Thank you for the clarification. I had read those papers, but I was under
the impression that it was something already part of GHC 7.
Regards,
Dave
On Thu, Sep 29, 2011 at 8:45 PM, austin seipp
On Thu, Sep 29, 2011 at 3:14 PM, David Barbour
wrote: minor collections of this nursery do not result in whole system pauses.
Yes, they do. GHC has a parallel garbage collector (so collection pauses the mutator threads, and collects garbage -in parallel- on multiple CPUs) but it in no way has a concurrent one. Every OS thread has its own young-gen heap space, and the old-generation heap space is shared amongst every CPU. But any young-gen GC will cause all mutator threads to pause no matter what the state of the others is.

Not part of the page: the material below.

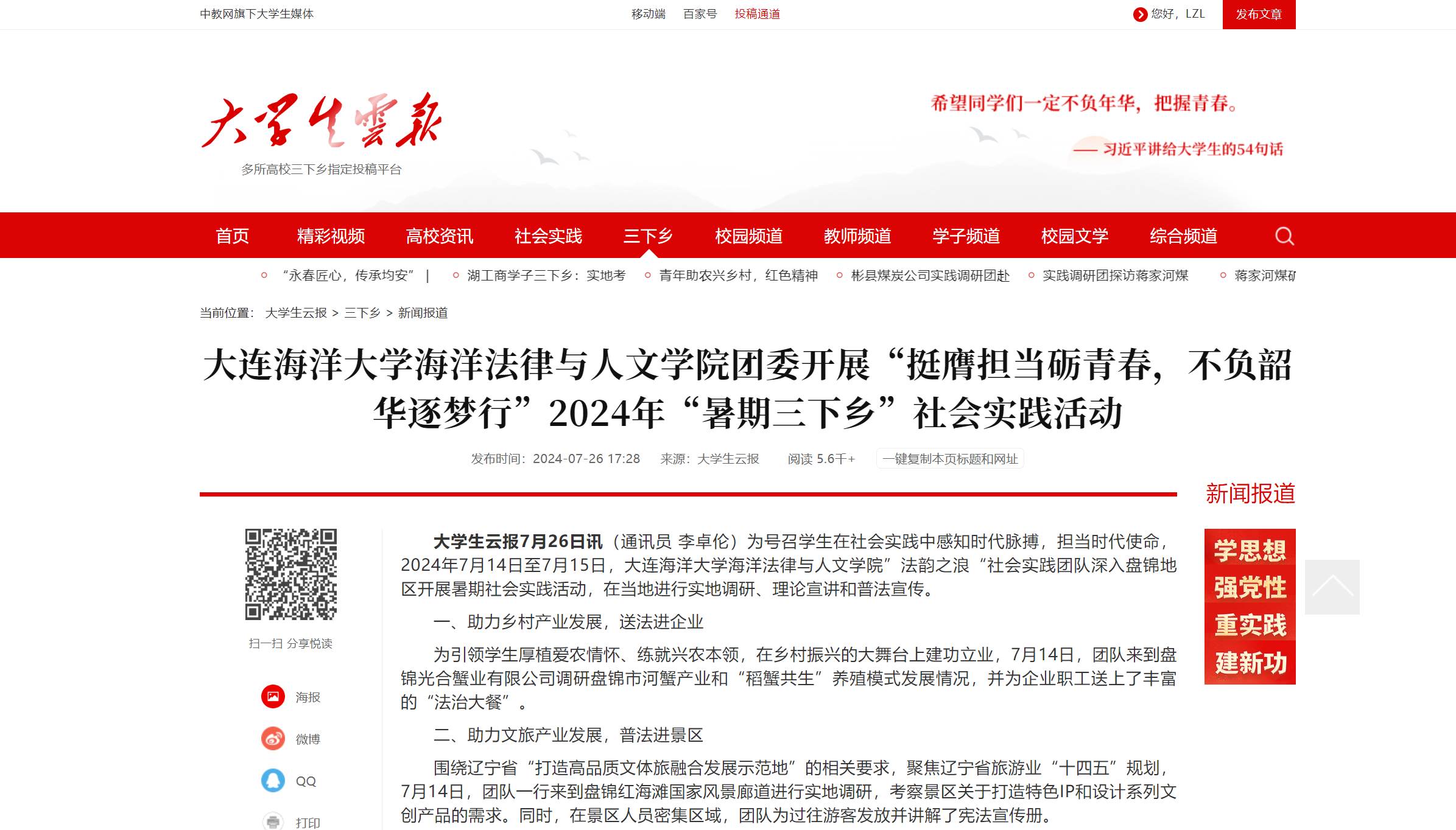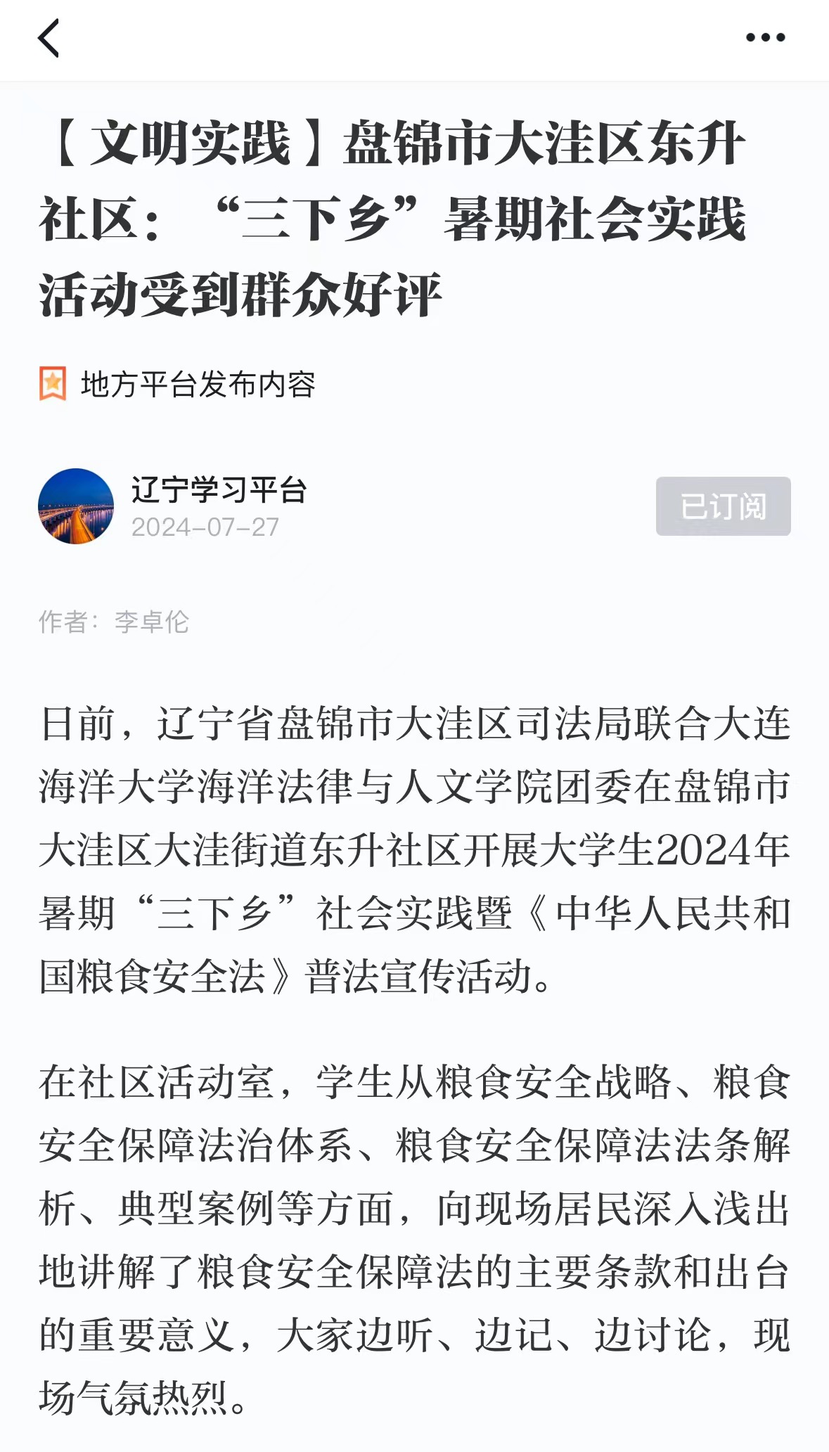近日,中共中央宣传部“学习强国”学习平台、辽河晚报等多家媒体报道了suncitygroup太阳新城师生赴辽宁省盘锦市开展的2024年暑期“三下乡”社会实践活动。

That said, Simon^2 has done research on this problem recently. They recently published a paper about 'local' garbage collection for individual OS threads, where every thread has its own, private nursery, that may be collected independently of all other CPUs, which promotes objects into the global heap when necessary for access from other threads. The design is reminiscent of older work on the same topic (thread-local heaps,) but adds a bunch of tasty work they did.
You can find this branch of GHC with 'local heaps' here, in the local-gc branch of the git repository:
https://github.com/ghc/ghc/tree/local-gc
This new local collector branch is not, I repeat, not part of GHC and hasn't been merged. It's not certain if it ever will be, I think. The paper conclusion addresses the fact the scalability improvements as a result of this new collector are nowhere near as dramatic as they had hoped, and it's not certain the improvements they did get are worth the substantial complexity increase. It doesn't address the old-gen GC - any old-gen GCs still pause all mutator threads before continuing. They do note however that this local allocation strategy could be combined with a real concurrent/incremental GC for the old-generation, which would help control pause times more over the whole lifetime of an application.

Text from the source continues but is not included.